Member of the Nova Scotia House of Assembly for Preston
- In office March 24, 1998 – June 18, 1999
- Preceded by: Wayne Adams
- Succeeded by: David Hendsbee

Personal details
- Born: 1943 (age 82–83) East Preston, Nova Scotia, Canada
- Party: NDP

= Yvonne Atwell =

Canadian politician

Yvonne Atwell (born 1943) is a Canadian community activist, former provincial politician and former hospital administrator. She is known for being the first Black woman elected to the Nova Scotia House of Assembly.

==Early life and education==
Yvonne Atwell was born in East Preston, Nova Scotia, in 1943. Frustrated by the discrimination she experienced as a Black Nova Scotian, she left the province in 1960, spending 24 years in Toronto. She studied at Centennial College in Ontario and at Dalhousie University in Nova Scotia.

==Career==
Atwell worked for 20 years as an administrator at Mount Sinai Hospital in Toronto, Ontario, eventually rising to the position of Head of Patient Services. She returned to Nova Scotia in 1984 after inheriting land from her father.

From 1993-98 she was the first Managing Director of the African-Canadian Employment Clinic in Halifax.

In 1996, Atwell ran unsuccessfully for the leadership of the Nova Scotia New Democratic Party in its 1996 leadership election. She won a seat in the Nova Scotia House of Assembly in 1998 for the riding of Preston, becoming the first Black woman MLA in the province. She represented the district until the 1999 provincial election when she lost her seat to David Hendsbee. During her term in office she served as the Opposition Critic for Status of Women, and Business Consumer Services.

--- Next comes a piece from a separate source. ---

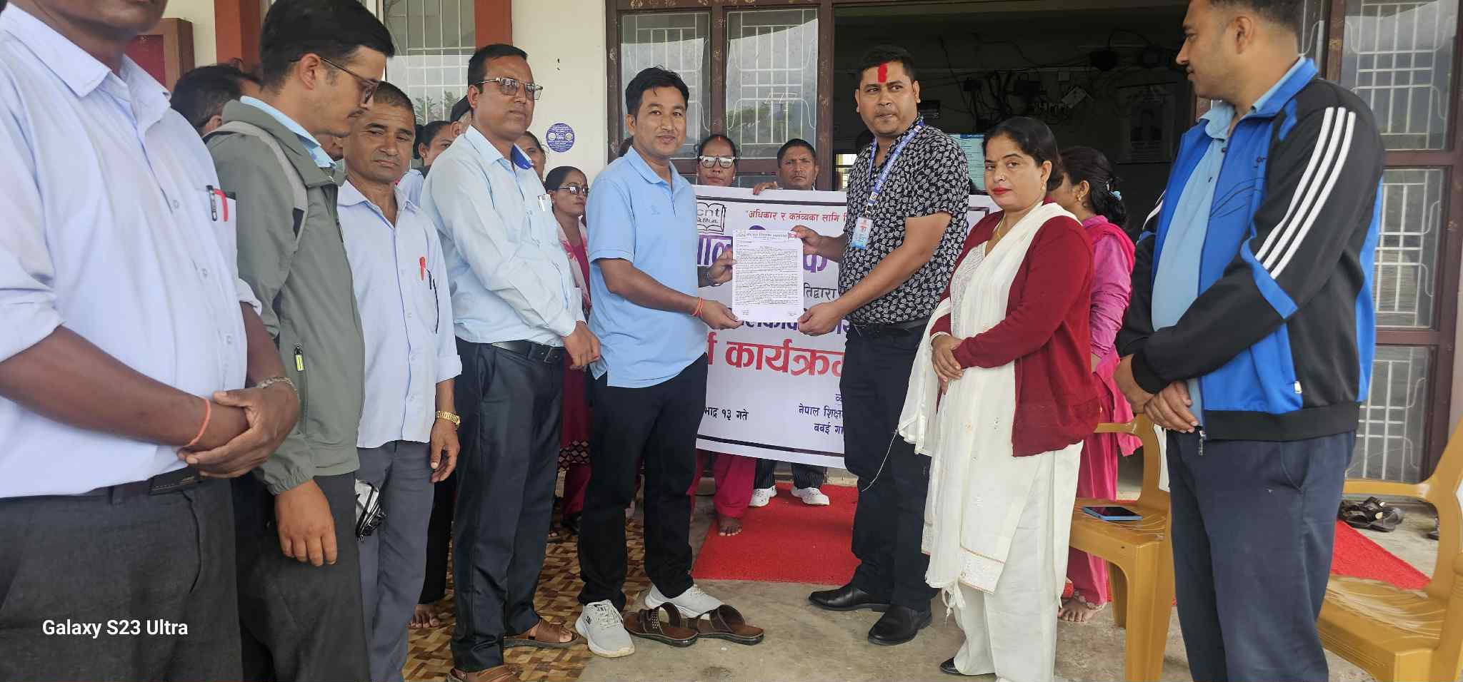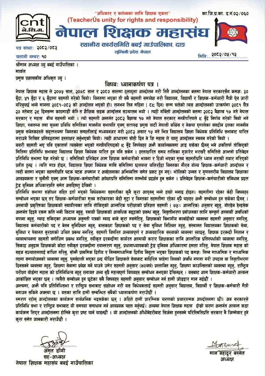 तुलसीपुर, १३ भदौ । नेपाल शिक्षक महासंघ राष्ट्रिय समितिको निर्णयअनुसार दाङको बबई गाउँपालिकामा पनि शुक्रबार धर्ना संगै ध्यानाकर्षण पत्र बुझाइएको छ ।

Between 1999-2004, Atwell worked as Policy Advisor and Diversity Officer at the Maritime Centre of Excellence for Women's Health, Dalhousie University.

Atwell has also been Executive Director of Community Justice Society, Executive Director of the Black United Front, President of the African Canadian Caucus of Nova Scotia, Chair of the Indigenous Blacks & Mi’kmaq Initiative at the Schulich School of Law, Dalhousie University, a member of the Metropolitan Board of Trade's small business committee, a member of the George Washington Carver Credit Union executive board, and a member of the Board of Directors of the Canadian Society of Immigration Consultants.

== Honours and legacy ==
In 2002, Atwell was awarded the Queen Elizabeth II Golden Jubilee Medal for her contributions to public life.

In 2004, Atwell was inducted to the Rev Dr William Pearly Oliver Wall of Honour by the Black Cultural Society of Nova Scotia.

On March 1, 2020, the Nova Scotia New Democratic Party renamed their Diversity Fund to be called the Yvonne Atwell Diversity in Leadership Fund in recognition of "Yvonne Atwell's leadership in the legislature and her consistent encouragement of candidates with diverse backgrounds to seek public office".

On February 22, 2022, a portrait of Atwell was unveiled at Province House in Halifax to honour her and commemorate her historic role as the first Black woman to be elected in Nova Scotia. Her portrait is displayed in the Province House lobby alongside the portraits of former premiers of Nova Scotia.